Bahamas-based crypto exchange FTX is pressing the Commodities and Futures Trading Commission to grant a license to offer bitcoin derivatives to retail investors as opposed to traditional exchanges.
Chicago Mercantile Exchange CEO Terrence Duffy believed the move would create “market risk” during a hearing on Capitol Hill in May.
CME offers a bitcoin derivative product that is designed to compete with FTX. Exchanges such as the CME and Intercontinental Exchange cite the need for consumer protection for products in which retail investors may suffer major losses, with the potential for leveraged positions taken in the broader economy.
Both exchanges have petitioned the CFTC in writing regarding their concerns regarding a specific aspect of the FTX offer. Specifically, automation games.
the heart of the matter
FTX first introduced a plan in April to use algorithms instead of brokers to ensure investors get the assets they buy and sellers get the money they owe. This would remove the need for the plumbing previously used to clear trades, leaving brokers unemployed should the automated strategy be adopted more widely. FTX CEO Sam Bankman-Fried believes this is a way to modernize US markets, while incorporating stronger risk mitigation.
Bankman-Fried said in an interview that the exchange is committed to comprehensive customer protection. If anything, the company’s new security, disclosure and suitability checks exceed those of existing futures products, he added. A futures contract is a type of derivative product that allows investors to bet on the future price of a stock, or in the case of FTX, cryptocurrency prices.
But the officials are courting controversy saying that brokers play an important role in margin calls.
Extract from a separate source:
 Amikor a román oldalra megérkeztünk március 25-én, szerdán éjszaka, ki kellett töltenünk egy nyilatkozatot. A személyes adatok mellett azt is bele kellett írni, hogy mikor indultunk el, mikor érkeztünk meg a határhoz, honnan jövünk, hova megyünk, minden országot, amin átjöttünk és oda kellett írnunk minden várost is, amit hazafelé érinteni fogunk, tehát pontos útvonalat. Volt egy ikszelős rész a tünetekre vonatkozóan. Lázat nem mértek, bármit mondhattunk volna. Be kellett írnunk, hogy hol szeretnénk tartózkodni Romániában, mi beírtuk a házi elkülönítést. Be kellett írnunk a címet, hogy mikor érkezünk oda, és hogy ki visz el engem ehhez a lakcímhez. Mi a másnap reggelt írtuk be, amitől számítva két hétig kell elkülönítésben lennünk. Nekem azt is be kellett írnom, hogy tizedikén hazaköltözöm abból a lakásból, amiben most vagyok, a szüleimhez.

Wall Street banks and specialist firms play the role of brokers in today’s exchanges which is a lucrative business. They are accountable to the CFTC and must warn investors about risky derivatives products.
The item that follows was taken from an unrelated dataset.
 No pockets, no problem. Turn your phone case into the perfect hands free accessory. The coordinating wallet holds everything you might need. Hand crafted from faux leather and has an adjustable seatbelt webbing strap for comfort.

Speed of automatic liquidation cause for concern
In leveraged trades, investors supply capital and borrow funds from platforms such as FTX to invest in bitcoin. When the price of bitcoin rises, profits increase, thereby benefiting the investor. Suppose the price of bitcoin declines to the point where the investor’s initial capital, called margin, becomes insufficient to cover his bitcoin purchases. In that case, the broker advises the investor that he needs to deposit more cash within a day or so. This is called a margin call. If the investor does not put in more cash, FTX liquidates his position and takes his money.
Dennis Kelleher of Better Markets says the liquidation feature is risky for investors. Currently, if an investor fails to meet the margin call, the broker can give them more time or lend them money. FTX’s system, on the other hand, is designed to liquidate an investor’s position as soon as the margin becomes insufficient, making it difficult for a retail investor to understand his position.
FTX argues that the system will notify investors in advance of their impending liquidation and will close out their positions in phases, giving them sufficient time to react. The company also has $250 million to cover losses during the extended market downturn.